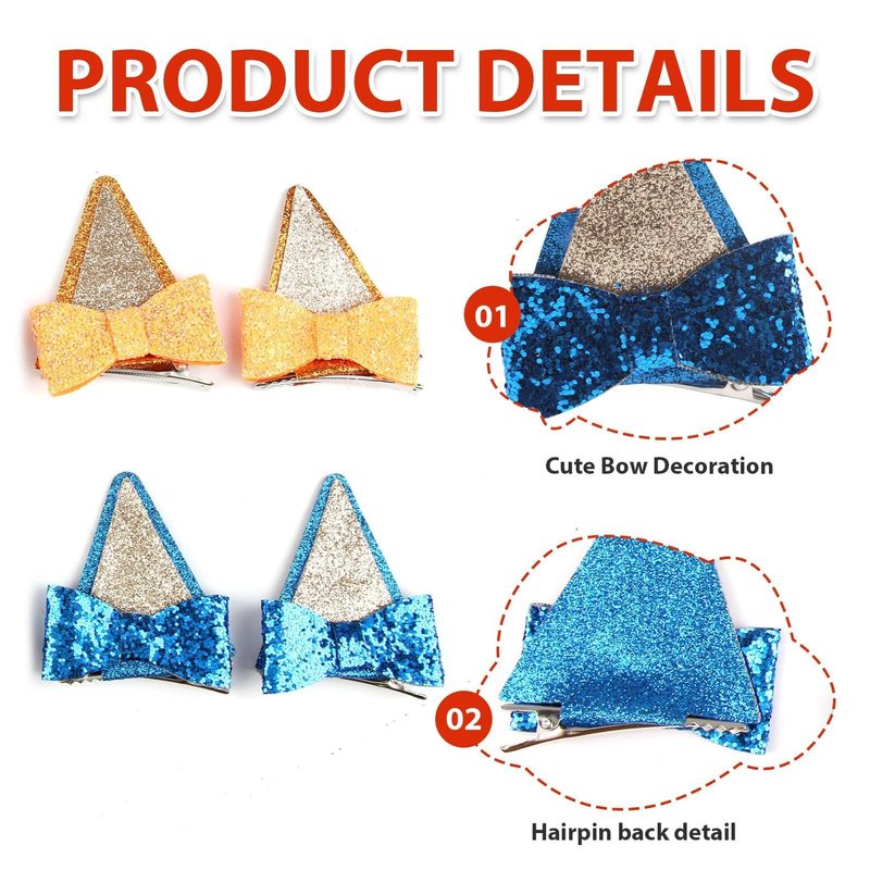 - 【Wide Applicability】These hair claw clips are available in a variety of colors and styles, suitable for any occasion. Glitter ear shape hair clips are perfect for daily wear, birthday parties, role-playing, themed parties, and Halloween costumes.
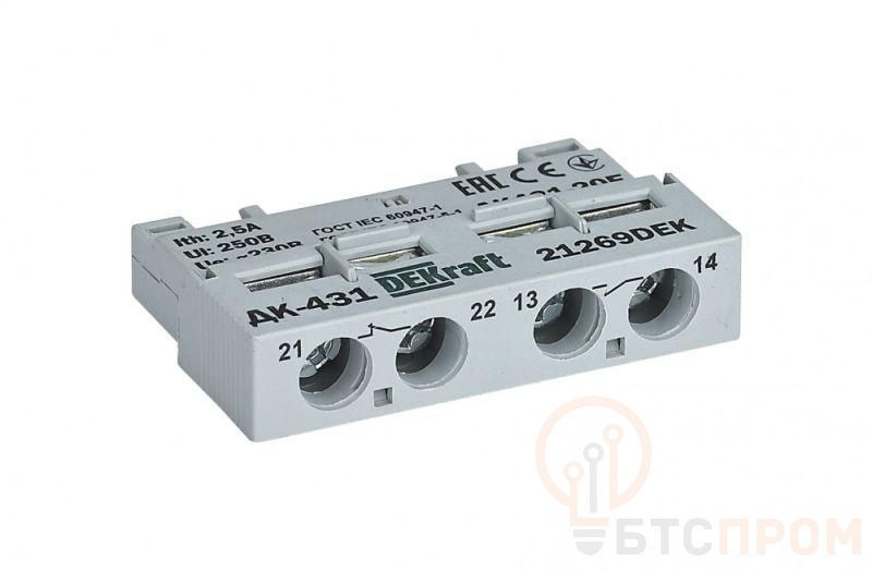 Дополнительные контакты серии ДК-431 F Dekraft; фронтальная установка; кол-во и тип контактов - 1НО+1НЗ; ток терм. стойкости 2,5 А. Дополнительные контакты серии ДК-431 F предназначены для сигнализации о состоянии главных контактов автоматических выключателей ВА-431: включены - выключены. Переключение контактов ДК-431 F происходит, даже если рукоятка управления выключателя удерживается во взведенном положении.
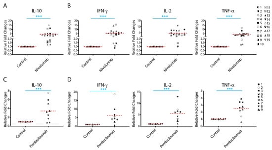 Treatment with nivolumab or pembrolizumab elicits potent interleukin-10 (IL-10) production from T cells. (A,B) Purified T cells were co-cultured with allogeneic matured monocyte-derived dendritic cells in the presence of nivolumab (20 μg/mL) for 5 days, after which the culture media was harvested for multiplex analysis of production of IL-10 (A(, and interferon-γ (IFN-γ), IL-2, and tumor necrosis factor-α (TNF-α) (B). (C,D) Purified T cells were co-cultured with allogeneic monocyte-derived dendritic cells in the presence of pembrolizumab (20 μg/mL) for 5 days, after which the culture media was harvested for multiplex analysis of the production of IL-10 (C) and IFN-γ, IL-2 and TNF-α (D). Graphs show the relative fold changes over the no-antibody treatment controls. Each symbol represents data from one individual donor pair. Note: The representative symbols between Figure 1A,B (nivolumab treatment group) and Figure 1C,D (pembrolizumab treatment group) are not the same. Student’s t-test, *** p < 0.001.

### TASK INSTRUCTIONS
Exactly the lines from the top of the listing through the line with "Дополнительные контакты серии ДК-431 F Dekraft;", and no pictures, should be printed.

### ANSWER
 - 【Wide Applicability】These hair claw clips are available in a variety of colors and styles, suitable for any occasion. Glitter ear shape hair clips are perfect for daily wear, birthday parties, role-playing, themed parties, and Halloween costumes.
 Дополнительные контакты серии ДК-431 F Dekraft; фронтальная установка; кол-во и тип контактов - 1НО+1НЗ; ток терм. стойкости 2,5 А. Дополнительные контакты серии ДК-431 F предназначены для сигнализации о состоянии главных контактов автоматических выключателей ВА-431: включены - выключены. Переключение контактов ДК-431 F происходит, даже если рукоятка управления выключателя удерживается во взведенном положении.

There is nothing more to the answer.